The devices, systems, and techniques of this disclosure may determine a risk of a patient developing AKI. By determining the risk that a patient may develop AKI, the devices, systems, and techniques of this disclosure may facilitate earlier intervention by a clinician to reduce the chance that the patient may develop AKI or reduce the severity of the AKI.

The techniques described in this disclosure, including those attributed to sensor 20, sensor 22, processing circuitry 200, communication circuitry 206, and UI 204 or various constituent components, may be implemented, at least in part, in hardware, software, firmware or any combination thereof. For example, various aspects of the techniques may be implemented within one or more processors, including one or more microprocessors, DSPs, ASICs, FPGAs, or any other equivalent integrated or discrete logic circuitry. The term “processor” or “processing circuitry” may generally refer to any of the foregoing logic circuitry, alone or in combination with other logic circuitry, or any other equivalent circuitry.

Such hardware, software, firmware may be implemented within the same device or within separate devices to support the various operations and functions described in this disclosure. In addition, any of the described units, modules or components may be implemented together or separately as discrete but interoperable logic devices. Depiction of different features as modules or units is intended to highlight different functional aspects and does not necessarily imply that such modules or units must be realized by separate hardware or software components. Rather, functionality associated with one or more modules or units may be performed by separate hardware or software components, or integrated within common or separate hardware or software components.

When implemented in software, the functionality ascribed to the systems, devices and techniques described in this disclosure may be embodied as instructions on a computer-readable medium such as RAM, ROM, NVRAM, EEPROM, FLASH memory, magnetic data storage media, optical data storage media, or the like. The instructions may be executed to support one or more aspects of the functionality described in this disclosure.

This disclosure includes the following non-limiting examples.
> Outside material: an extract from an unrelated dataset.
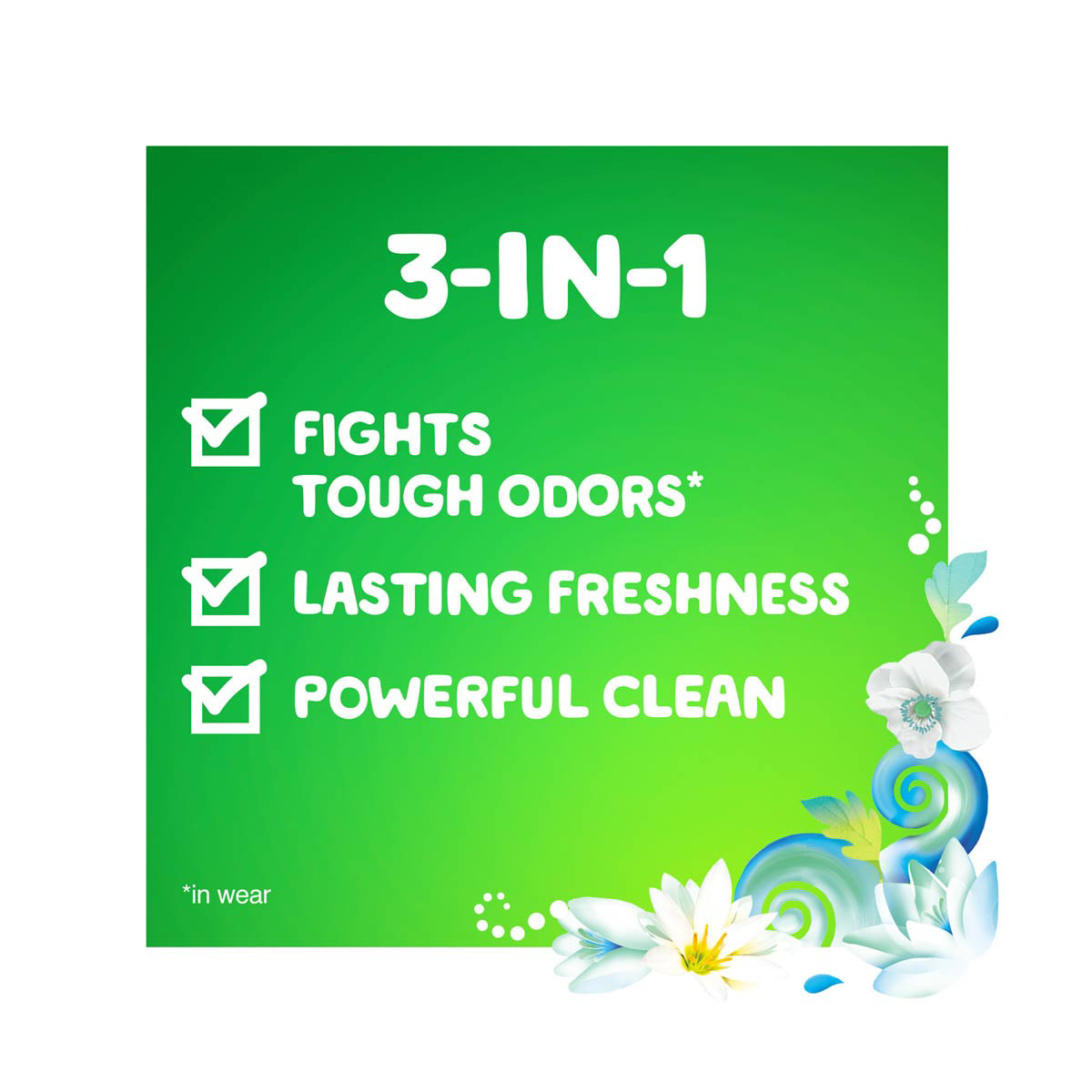 • 3-in-1 detergent: Eliminates tough odors in-wear while giving your clothes a powerful clean and lasting freshness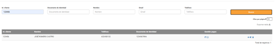 - Datos del cliente: No debes rellenar todos los datos de tu cliente, sino que esta sección actúa de buscador en tu cartera de clientes. Simplemente rellena algún dato identificativo y pulsa el botón buscar, para que se muestren los resultados de la búsqueda. Al seleccionar un cliente, deberás seleccionar también el método de pago, de entre los que tiene registrados, que se usará para realizar el cobro.

Example 1. A method comprising: determining, by processing circuitry, a first baseline value of dissolved oxygen in a fluid; determining, by the processing circuitry, a second baseline value of a total oxygen output in the fluid; receiving, from a first sensor, a first signal indicative of an amount of dissolved oxygen in the fluid; receiving, from a second sensor, a second signal indicative of the output of the fluid; and determining, by the processing circuitry, a risk of developing acute kidney injury (AKI) based at least in part on the first baseline value, the second baseline value, the first signal, and the second signal.

Example 2. The method of example 1, further comprising: determining, by the processing circuitry, a measure of total oxygen output in the fluid based on the first signal and the second signal, wherein determining the risk of developing AKI further comprises determining the risk of developing AKI based on the measure of total oxygen output.
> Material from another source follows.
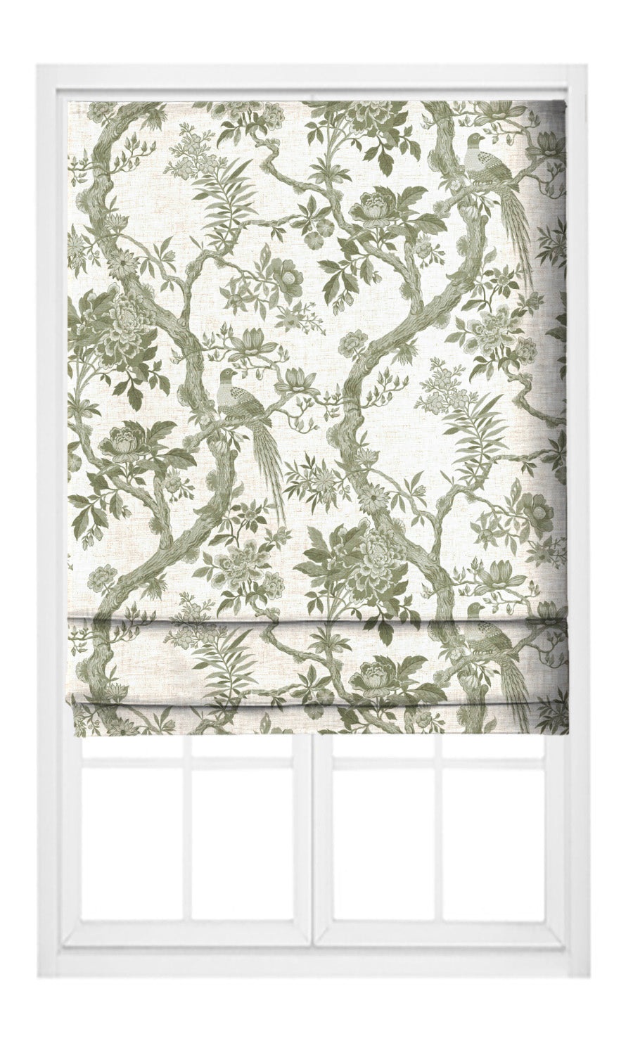• Its arboreal branches, teeming with lush flowers and songbirds, evoking a classic toile's quiet refinement and chinoiserie's painterly charm

Example 3. The method of example 2, wherein determining the risk of developing AKI comprises: determining, by the processing circuitry, the amount of dissolved oxygen in the fluid based on the first signal; comparing, by the processing circuitry, the amount of dissolved oxygen in the fluid to a first threshold value; determining, by the processing circuitry, the output of the fluid based on the second signal; comparing, by the processing circuitry, the output of the fluid to a second threshold value; and comparing, by the processing circuitry, the measure of total oxygen output to a third threshold value, wherein the risk of developing AKI is based on the comparisons.

Example 4. The method of example 3, wherein determining the risk of developing AKI comprises: determining, by the processing circuitry and based on the first signal, a first trend in the amount of dissolved oxygen in the fluid over time; determining, by the processing circuitry and based on the first signal and the second signal, a second trend in the measure of total oxygen output in the fluid; comparing, by the processing circuitry, the first trend to a fourth threshold value; and comparing, by the processing circuitry, the second trend to a fifth threshold value, wherein determining the risk of developing AKI is based on the comparisons.
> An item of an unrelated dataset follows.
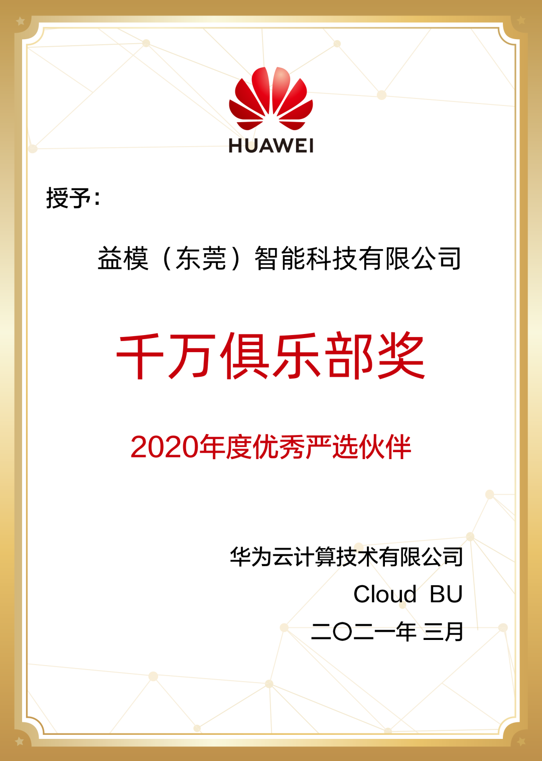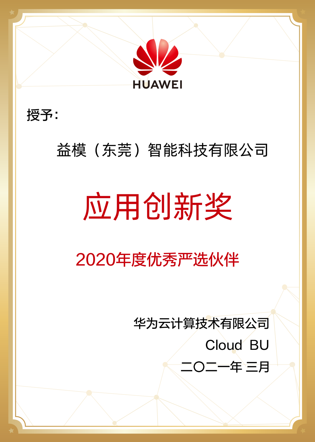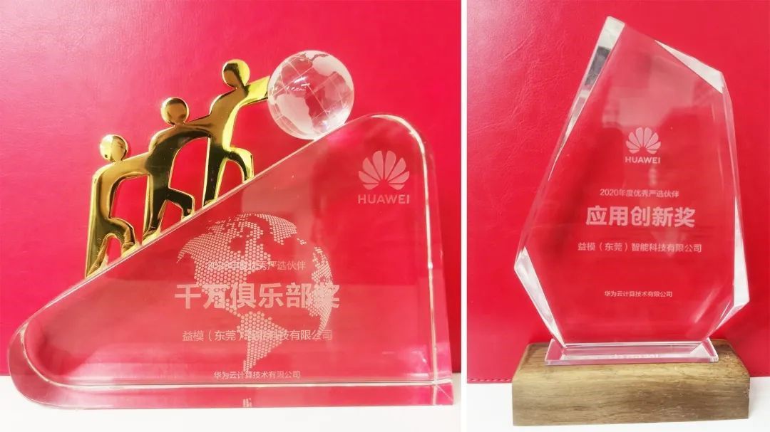 近日,益模作为华为云严选商城优选级伙伴,荣获华为云“2020年度优秀严选伙伴·应用创新奖”、“千万俱乐部奖”。

Example 5. The method of example 4, wherein determining the risk of developing AKI is further based on a first amount of time the first trend is below the fourth threshold value and an amount of time the second trend is below the fifth threshold value.

Example 6. The method of example 4 or example 5, wherein determining the risk of developing AKI comprises: determining, by the processing circuitry and based on the second signal, a third trend in the output of the fluid over time; and comparing, by the processing circuitry, the third trend to a sixth threshold value, wherein determining the risk of developing AKI is based on the comparison.

Example 7. The method of example 6, wherein determining the risk of developing AKI is further based on a third amount of time the third trend is below the sixth threshold value.

Example 8. The method of any combination of examples 3-7, wherein the first threshold value is based on the first baseline value and the second threshold value is based on the second baseline value.

Example 9. The method of any combination of examples 3-8, wherein determining the first baseline value comprises: determining, by the processing circuitry and based on the first signal, a first measure of dissolved oxygen in the fluid that is below a predetermined threshold value; and averaging, by the processing circuitry, the first measure and measures of the dissolved oxygen in the fluid prior to the first measure.

Example 10. The method of any combination of examples 1-9, wherein determining the first baseline value comprises: averaging, by the processing circuitry, measures of the dissolved oxygen during a time period immediately before cardiopulmonary bypass surgery occurring to a patient.

Example 11. The method of any combination of examples 1-9, wherein determining the first baseline value comprises: determining, by the processing circuitry, at least two measures of the amount of dissolved oxygen in the fluid based on the first signal; and applying, by the processing circuitry, at least one of an exponential decay or a non-linear regression to the at least two measures of the amount of dissolved oxygen in the fluid.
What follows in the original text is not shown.